The day after the funeral he said to his mother, “Well, now we’ve got to get Etta married. But married well. Somebody who’ll take care of her.”
“You’re a good son, Hugo,” Mrs. Handle had said.
Hugo shook his head. “It isn’t that. If she’s comfortable and happy–or as happy as she knows how to be–she’ll never come back. That’s what I want. There’s debts to pay, too. But I guess we’ll get along.”
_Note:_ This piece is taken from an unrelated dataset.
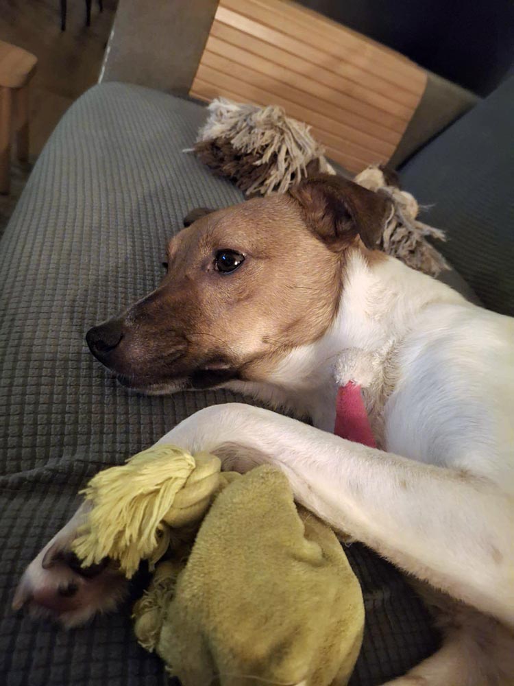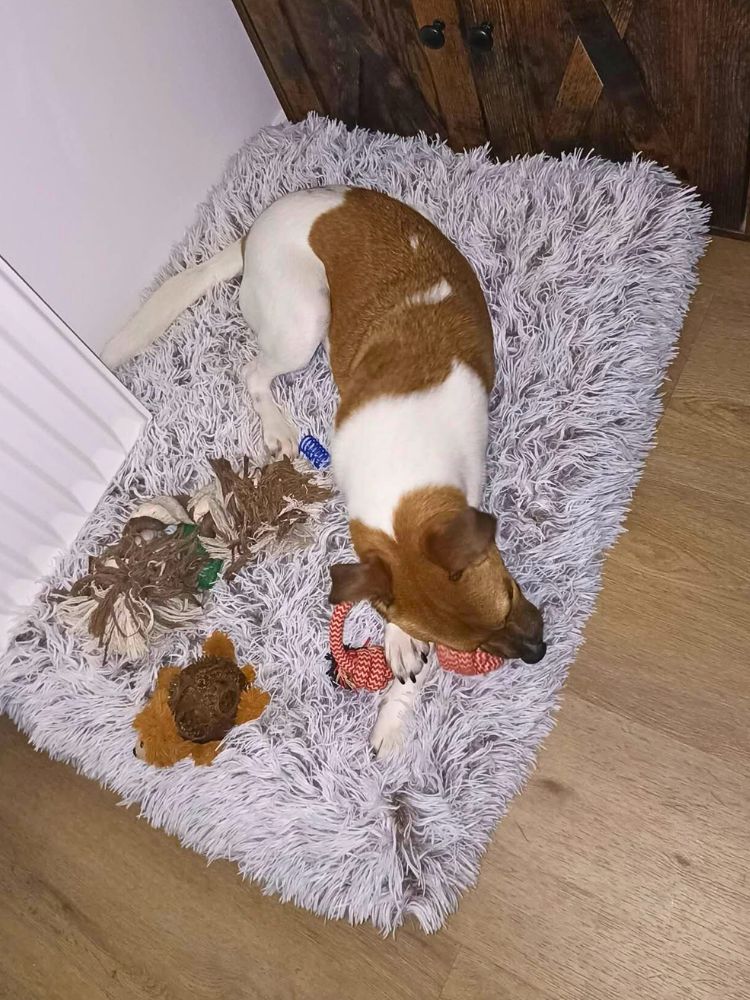 Aankomst in Nederland - Truffle's opvang schrjft, kort na zijn aankomst: "Truffle is gisteravond bij ons gekomen en wat vindt hij alles spannend. Onze eigen hond Jolie moet niks van 'm hebben, de kittens vinden hem machtig interessant en dat vindt hij allemaal prima 🥰 Truffle is heel vriendelijk en kan denk ik enthousiast zijn, maar nu zoekt hij vooral nabijheid bij ons. Hij kan nog niet op de bank springen, naar als ik hem daar op zet ligt hij heerlijk naast me en kan hij zijn rust vinden."

They did get along, but at snail’s pace. There followed five years of economy so rigid as to make the past seem profligate. Etta, the acid-tongued, the ferret-faced, was not the sort to go off without the impetus of a dowry. The man for Etta, the shrew, must be kindly, long-suffering, subdued–and in need of a start. He was. They managed a very decent trousseau and the miracle of five thousand dollars in cash. Every stitch in the trousseau and every penny in the dowry represented incredible sacrifice and self-denial on the part of mother and brother. Etta went off to her new home in Pittsburg with her husband. She had expressed thanks for nothing and had bickered with her mother to the last, but even Hugo knew that her suit and hat and gloves and shoes were right. She was almost handsome in them, the unwonted flush of excitement colouring her cheeks, brightening her eyes.